Das brüchige Fundament der Serotoninhypothese

Über Jahrzehnte wurden selektive Serotonin-Wiederaufnahmehemmer (SSRIs) als logische pharmakologische Antwort auf ein scheinbar klar definiertes Problem verstanden. Die Erzählung war einfach. Depression sei primär Ausdruck eines Serotoninmangels, dieser werde medikamentös korrigiert, die Stimmung stabilisiere sich. 

 

Inzwischen gilt diese theoretische Grundlage als deutlich verkürzt. Die umfassende Umbrella-Review zum aktuellen Stand der Serotoninforschung von Moncrieff und Kollegen (2023) fand keinen konsistenten Beleg dafür, dass eine verminderte Serotoninaktivität die primäre Ursache depressiver Erkrankungen darstellt. Serotonerge Signalwege sind relevant, allerdings mehr symptomatisch als ursächlich.
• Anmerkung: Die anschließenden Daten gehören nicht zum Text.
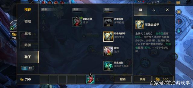 因为开局我们拥有1700金币,而比较便宜的主动装备只需要1500金币,这时候我们就可以来一个骚操作,出门就直接购买主动装备,比如正义荣耀提升群体移速,原型腰带给自己增加一段位移与伤害,石像鬼板甲让自己短时间变得更肉,救赎为队友提供治疗,这些装备都可以选择。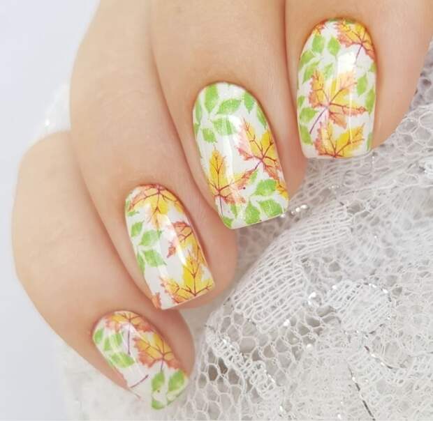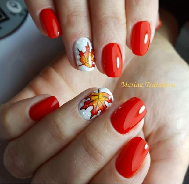 Принцип создания тот же, что и в геометрическом дизайне: соответствующая база и выразительные осенние цвета. Например, шик на бордовых матовых ногтях создают золотистые листья клена. Свежо и стильно – темные желуди на зеленых. Прекрасным украшением могут стать сезонные ягоды.

Das lineare Defizitmodell trägt nicht. 

 

Wenn das Fundament nicht trägt, muss die therapeutische Praxis neu eingeordnet werden. 


Pharmakologischer Effekt und klinische Wirkung

SSRIs erhöhen die Verfügbarkeit von Serotonin im synaptischen Spalt. Diese pharmakologische Wirkung tritt rasch ein. Die klinische Verbesserung entwickelt sich hingegen meist verzögert über mehrere Wochen.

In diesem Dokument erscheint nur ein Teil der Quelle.